This script is provided for educational purposes only. Users are responsible for ensuring that their use of the script complies with local legal laws and regulations. The originator of this code disclaims any responsibility for unethical or illegal use of the script. Users should exercise due diligence and respect the terms of service and data usage policies of the websites they interact with using this script.
TorScraperPro is an advanced Python-based web scraping and content extraction tool. Designed for both privacy and efficiency, it navigates the web, including the Tor network, to extract content from specified websites based on user-defined keywords. Utilizing headless Chrome integrated with Selenium WebDriver, TorScraperPro effectively captures dynamic content. A Flask application dynamically serves the scraped HTML files, providing live updates and easy access to the data collected.
- TOR Network Support: Routes requests through the TOR network to ensure anonymity, enabling the scraping of .onion websites while maintaining user privacy.
- Keyword-Based Scraping: Focuses on extracting content that contains specified keywords, facilitating targeted data collection.
- Dynamic Content Rendering: With Selenium WebDriver, the tool can interact with JavaScript-heavy pages, ensuring comprehensive content capture.
- Live Data Presentation: A local Flask web server serves the scraped HTML files, offering a dashboard for live monitoring and access to scraped data.
- Automatic ChromeDriver Management: The script employs
webdriver_manager
to automatically select and use the correct ChromeDriver version, ensuring compatibility with the installed Google Chrome browser. - Flask Dashboard: Provides a user-friendly interface for reviewing scraping outcomes, enhancing usability and accessibility.
- Python 3.6 or later
- Flask
- Requests
- BeautifulSoup4
- Selenium WebDriver
- webdriver_manager
- Tor (Optional for .onion site scraping)
-
Install Python and Dependencies: Ensure Python 3.6+ is installed on your system. Install the required Python packages using pip:
pip install flask requests beautifulsoup4 selenium webdriver_manager
-
Google Chrome: Install the latest version of Google Chrome to ensure compatibility with ChromeDriver.
-
TOR (Optional): For scraping .onion sites, install and configure TOR on your system.
-
Clone the Repository: Obtain the TorScraperPro script by cloning its repository to your local machine.
Execute TorScraperPro from the command line with the desired parameters:
python TorScraperPro.py -v -d <Depth> -p <Pause>
Options include:
-v
: Enables verbose logging for detailed operational insights.-d <Depth>
: Defines the scraping depth for website traversal.-p <Pause>
: Sets a pause duration between requests to mitigate server load and mimic human interaction.
setup_chrome()
: Initializes a headless Chrome browser session for web interaction.check_tor_connection()
: Verifies connectivity to the TOR network and logs the TOR-assigned IP address.get_keywords()
: Loads keywords from a specified file, guiding the scraping focus.scrape_and_extract()

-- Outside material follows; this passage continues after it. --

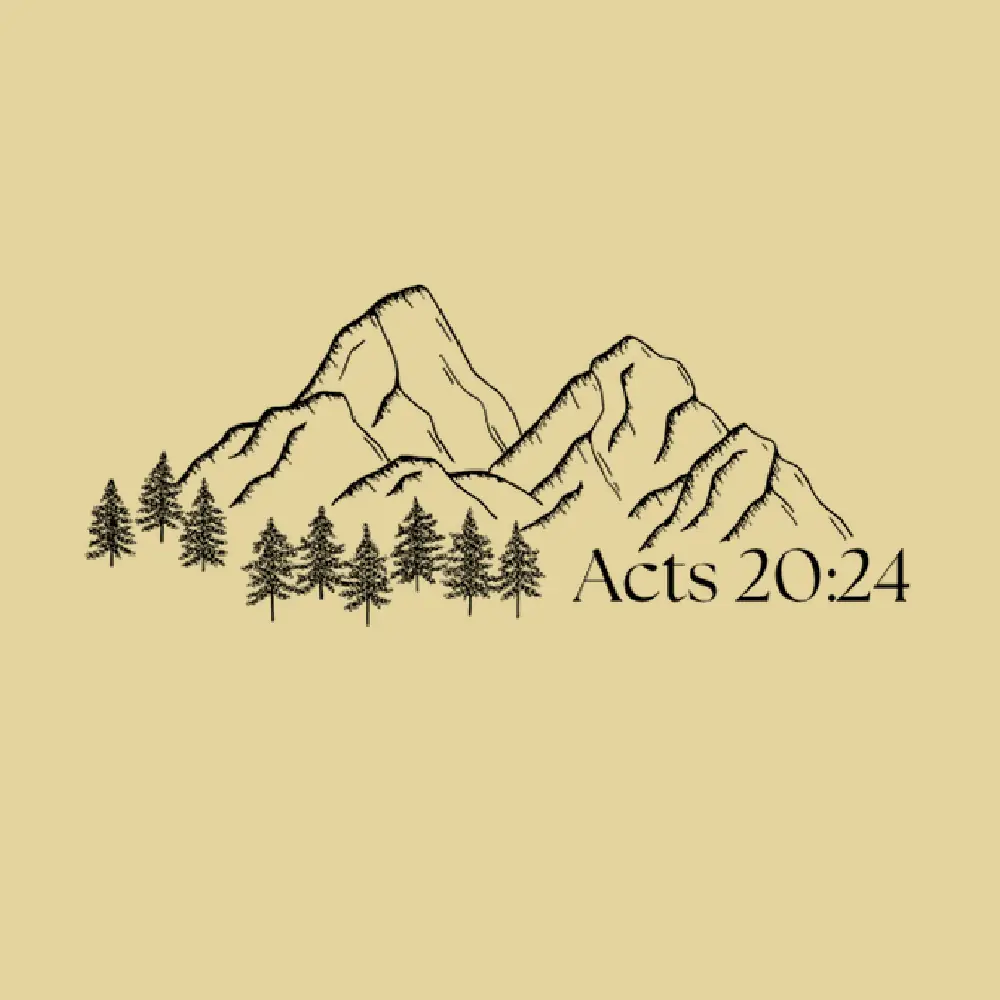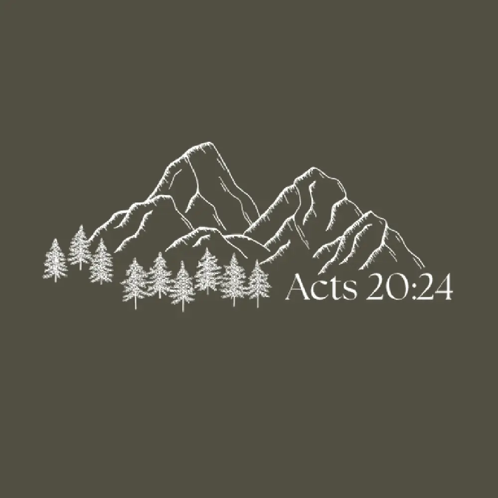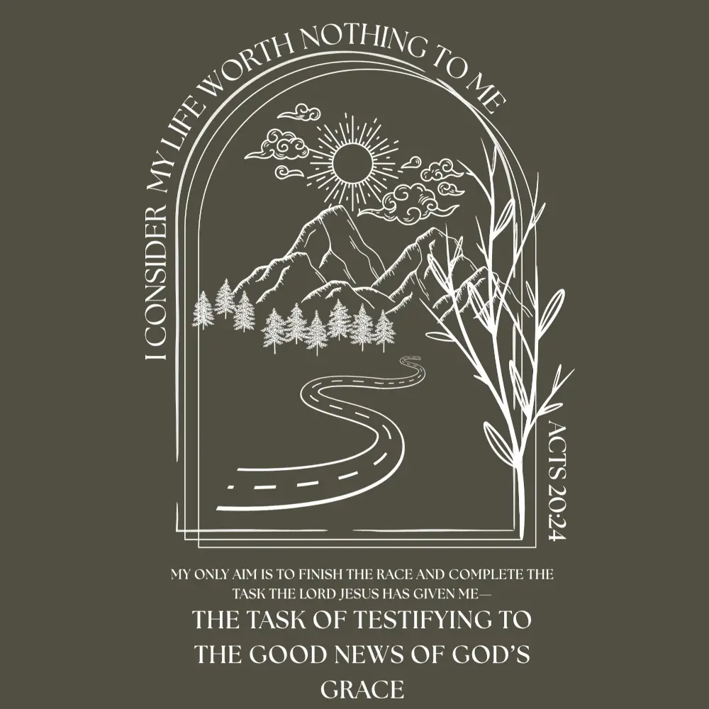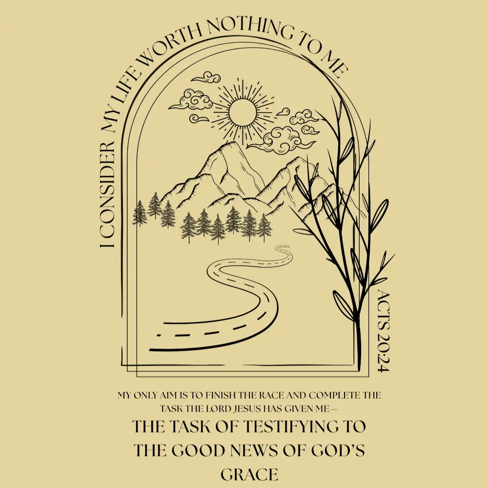Unisex t-shirt in your choice of three colors. Features beautiful artwork on the front and back referencing Acts 20:24 NIV: “However, I consider my life worth nothing to me; my only aim is to finish the race and complete the task the Lord Jesus has given me—the task of testifying to the good news of God’s grace.”

: Core function that navigates to URLs, renders JavaScript, and extracts content based on keyword matches.- Flask Web Server: Runs concurrently in a separate thread, serving scraped content through a user-friendly dashboard.

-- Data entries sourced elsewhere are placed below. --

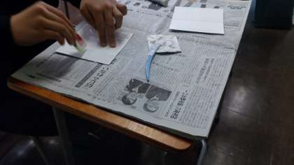 牛乳パックがみるみるうちに、きれいな折り紙に早変わりです。
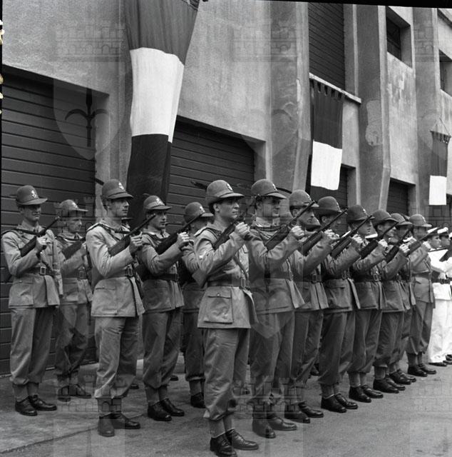 Commemorazione delle battaglie del 5 e 6 luglio del 1918 combattute sul Sile, sul Piave e sulle Alpi Giulie dal 7. e 8. battaglione delle Guardie di finanza. La manifestazione si svolge nella caserma Postiglioni sul molo Fratelli Bandiera, in presenza di don Beari, cappellano militare, del magg. Ravotto, comandante del Circolo e del gen. Rostagno, comandante del Corpo delle Guardie di finanza.
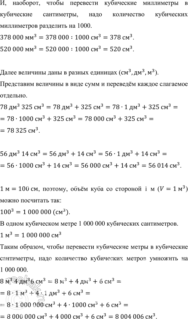 Выразите в кубических сантиметрах: 8 дм^3; 62 дм^3; 378 000 мм^3; 520 000 мм^3; 78 дм^3 325 см^3; 56 дм^3 14 см^3; 8 м^3 4 дм^3 6 см^3.
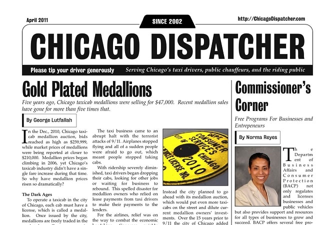 Im Herbst 2006 veranstaltete Chicago eine Auktion zum Verkauf von Taxikonzessionen (in USA als ‘Medallions’ bezeichnet). Hunderte von Angebote gingen ein, einschließlich einiger Angebote, die deutlich über dem Marktpreis lagen. Die Stadt sammelte Millionen von Dollar. Beamte erklärten damals den Verkauf zu einem Erfolg.
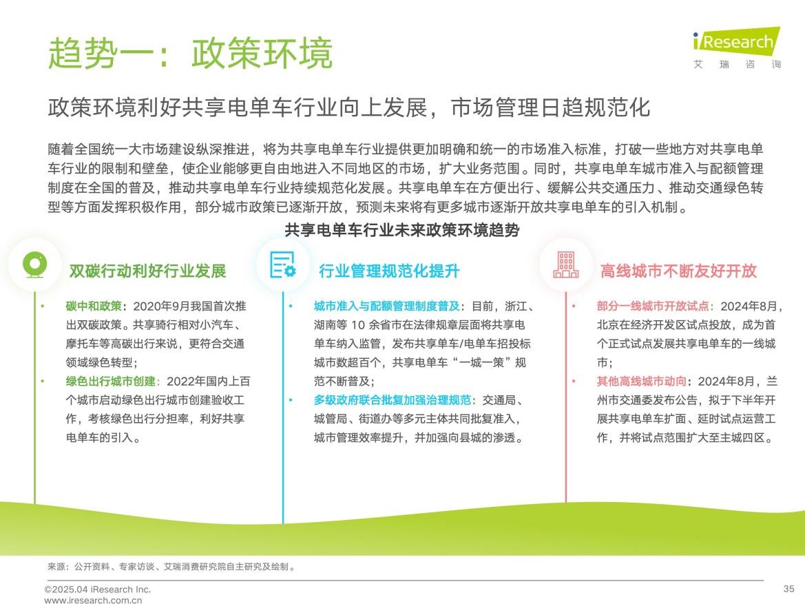2025年《政府工作報告》指出,要縱深推進全國統一大市場建設。加快建立健全基礎制度規則,破除地方保護和市場分割,打通市場準入退出、要素配置等制約經濟循環的卡點堵點,這對於共享電單車行業發展來説,地域壁壘將有望進一步被打破,市場準入標準更加明確和統一,營商環境持續向好。
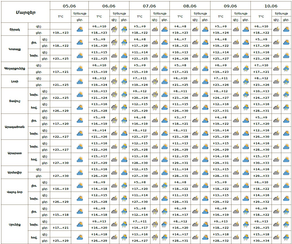 Օդի ջերմաստիճանը հունիսի 5-ի ցերեկը, 6-10-ը աստիճանաբար կբարձրանա 4-6 աստիճանով։

Initiated at script startup, the Flask app presents a simple yet effective interface for real-time access to the scraped content. It facilitates navigation between current and archived runs, enhancing the review process of collected data. Current Run page
Previous runs page
TorScraperPro version 1.0 emerges as a powerful solution for sophisticated web scraping needs, emphasizing privacy through TOR integration and flexibility with dynamic content handling. Its user-friendly dashboard and targeted scraping capabilities make it an invaluable tool for data analysts, researchers, and cybersecurity professionals.